**EXERCISE REQUIREMENTS**
Pictures aside, print all of the data below exactly as written.

**COLLECTED MATERIAL**
━━━

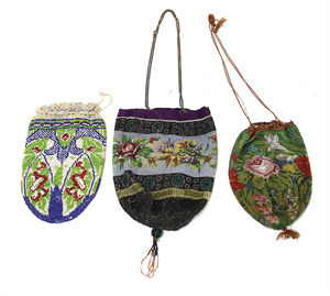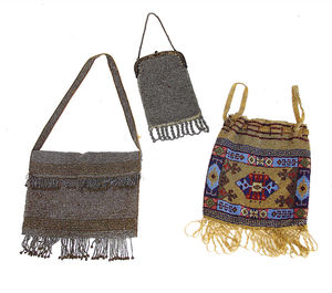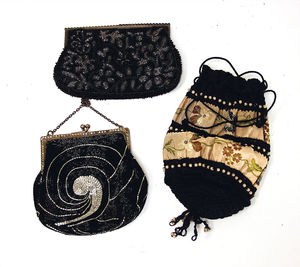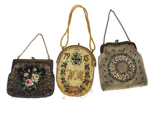 3 Damentaschen, 1x ca. 1915, 2 reichh. Perlen bestickte Damentaschen, 1x mit silbernem Taschenbügel, filigran verarbeitet, ausgefallen
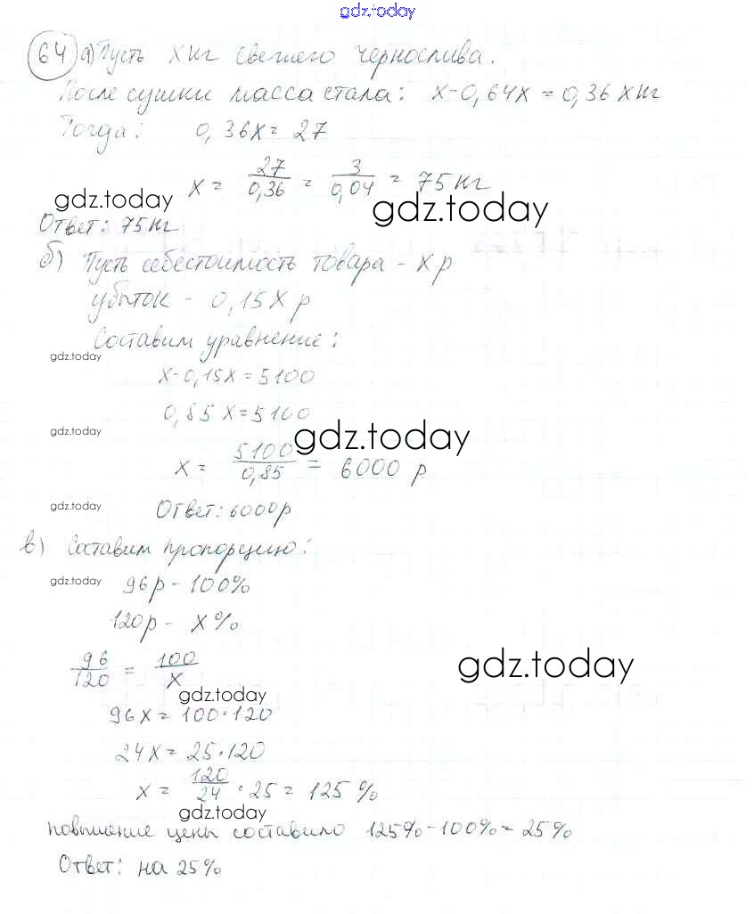 Ответы к Решение. Часть 3. Упражнения 64 Учебнику по Математике для 6 класса Петерсон, Дорофеев Ювента Учусь учиться 2014
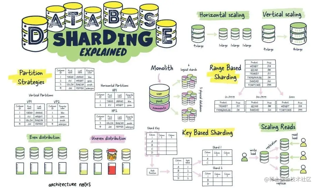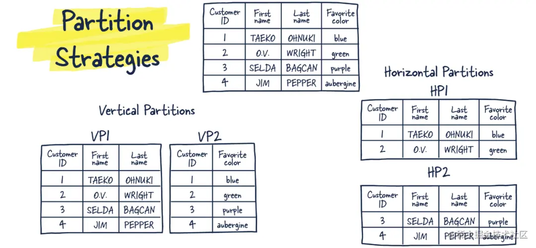 你也可以通过几种方式对数据进行分区并将特定表移动到它们自己的数据库中,这与你在微服务架构中看到的非常相似,程序的特定部分有其自身数据库服务器。程序知道每个数据库该在哪里寻找。或者,你可以跨多个数据库节点存储同一个表的行,这带来了分片键等想法;稍后会详细介绍。

━━━

**ANSWER SPACE**
 3 Damentaschen, 1x ca. 1915, 2 reichh. Perlen bestickte Damentaschen, 1x mit silbernem Taschenbügel, filigran verarbeitet, ausgefallen
 Ответы к Решение. Часть 3. Упражнения 64 Учебнику по Математике для 6 класса Петерсон, Дорофеев Ювента Учусь учиться 2014
 你也可以通过几种方式对数据进行分区并将特定表移动到它们自己的数据库中,这与你在微服务架构中看到的非常相似,程序的特定部分有其自身数据库服务器。程序知道每个数据库该在哪里寻找。或者,你可以跨多个数据库节点存储同一个表的行,这带来了分片键等想法;稍后会详细介绍。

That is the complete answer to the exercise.